Saints and Liars: Americans who saved Jews from the Nazis, with Prof. Debórah Dwork

ENGLISH CORNER, CON LINDA JIMÉNEZ – This week’s trivia question:  What made this work especially attractive to women?

Debórah Dwork is the Director of the Center for the Study of the Holocaust, Genocide, and Crimes Against Humanity at the Graduate Center of the City University of New York. Internationally renowned for her scholarship on Holocaust history, she is also a leading authority on university education in this field. One of the first historians to record Holocaust survivors’ oral histories and to use their narratives as a scholarly source, Dr. Dwork explores the social and cultural history of the Holocaust. She has approached the Holocaust from a completely different perspective from that of previous historians, for example, paying particular attention to victims’ primary documents and considering the experiences of children.

Dr. Dwork has won numerous awards for her work, including the Distinguished Achievement Award  from the Holocaust Educational Foundation, the International Network of Genocide Scholars Lifetime Achievement Award and the National Jewish Book Award, among others.  She also sits on many advisory boards, but above all, Professor Dwork is a teacher and mentor, committed to training the next generation of Holocaust scholars.
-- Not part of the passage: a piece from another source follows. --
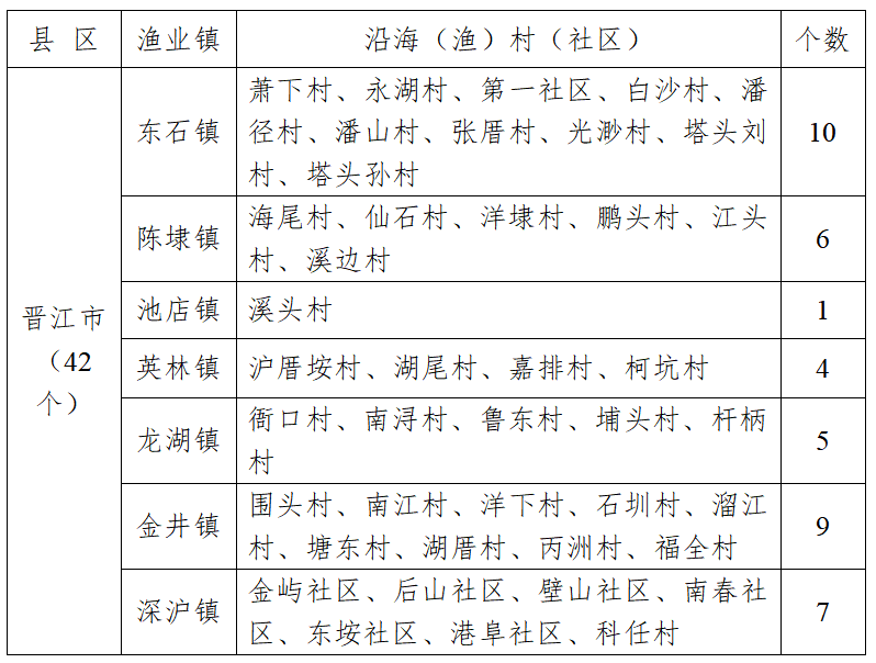 (三)东石、陈埭、池店、英林、龙湖、金井、深沪等7个镇的42个沿海(渔)村(详见附件)每天抽检20%人员,每五天一轮全覆盖。

Dwork’s latest work, Saints and Liars, is about Americans — Quakers, Unitarians, and Jews — who traveled abroad with faith-based agencies during World War II to aid and, little by little, turned to rescuing vulnerable individuals who were targeted by Nazi Germany and other racist states. Analyzing their daring initiatives, unpredictable and irrational factors come into focus: luck, impulse, sentiment, fortuitous circumstance, and timing.  Zooming in on one city, one year, and one person or couple, each chapter offers a microhistory that yields a rich picture that would be lost in a larger frame.